*Records provided*

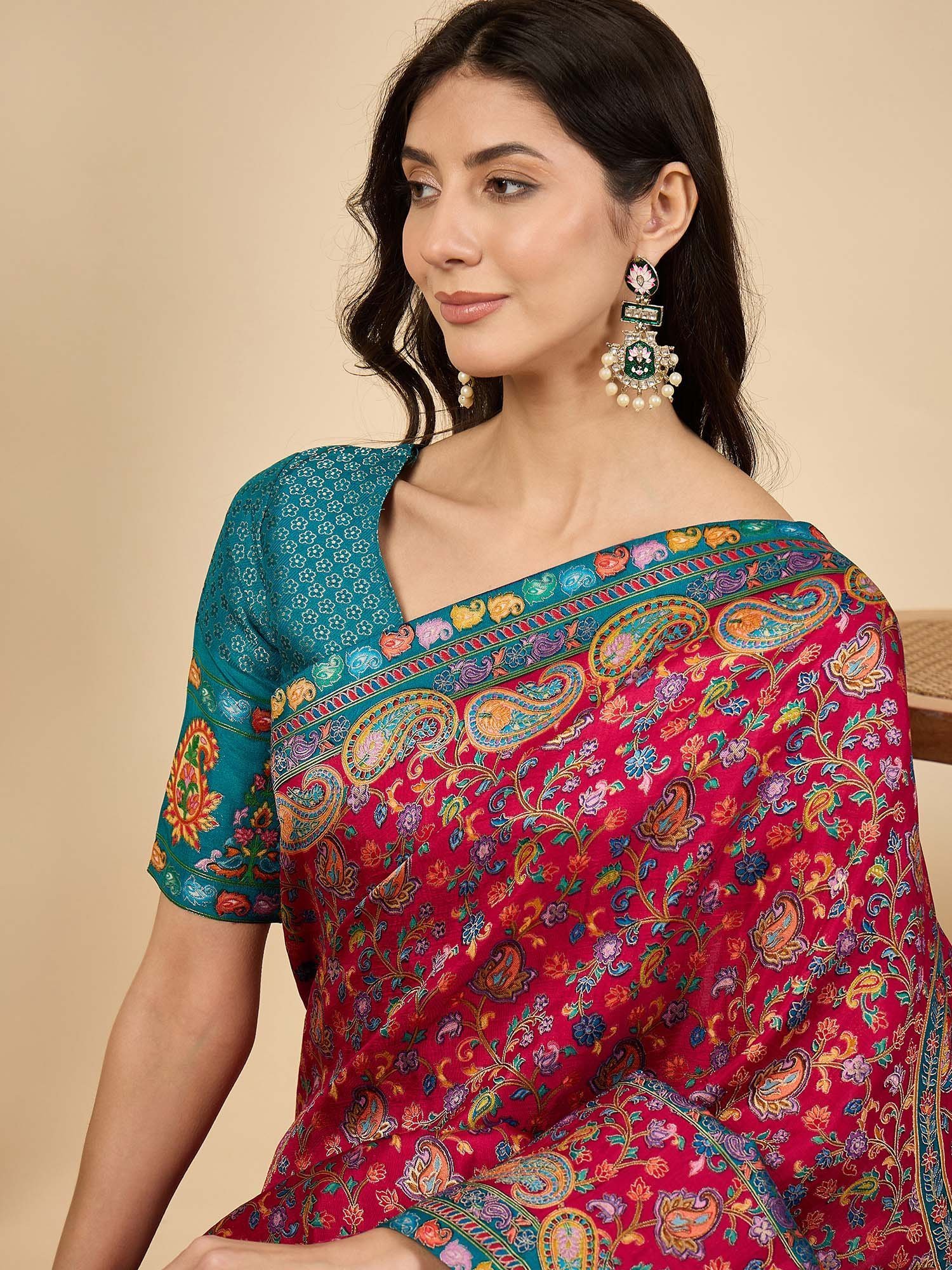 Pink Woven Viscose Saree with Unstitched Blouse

* * *

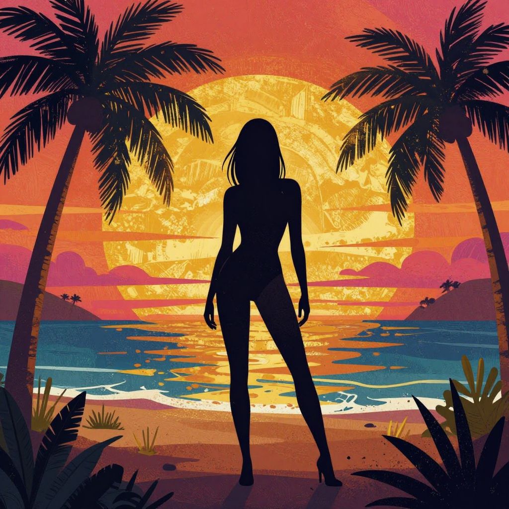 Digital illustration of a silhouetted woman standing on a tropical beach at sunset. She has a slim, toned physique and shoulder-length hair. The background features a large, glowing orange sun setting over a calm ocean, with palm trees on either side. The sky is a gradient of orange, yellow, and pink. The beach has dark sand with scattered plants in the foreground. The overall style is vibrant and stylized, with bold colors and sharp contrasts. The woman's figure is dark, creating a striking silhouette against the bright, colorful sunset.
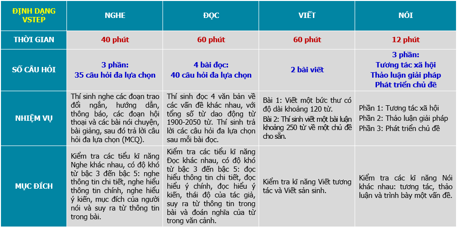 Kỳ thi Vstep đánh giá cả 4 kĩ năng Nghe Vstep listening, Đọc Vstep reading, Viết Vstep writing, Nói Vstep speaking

*Exercise prompt*
Return exactly the stretch above whose first line contains "Digital illustration of" and whose last line contains "Kỳ thi Vstep", and nothing outside it. The pictures should not appear.

*Result for this exercise*
 Digital illustration of a silhouetted woman standing on a tropical beach at sunset. She has a slim, toned physique and shoulder-length hair. The background features a large, glowing orange sun setting over a calm ocean, with palm trees on either side. The sky is a gradient of orange, yellow, and pink. The beach has dark sand with scattered plants in the foreground. The overall style is vibrant and stylized, with bold colors and sharp contrasts. The woman's figure is dark, creating a striking silhouette against the bright, colorful sunset.
 Kỳ thi Vstep đánh giá cả 4 kĩ năng Nghe Vstep listening, Đọc Vstep reading, Viết Vstep writing, Nói Vstep speaking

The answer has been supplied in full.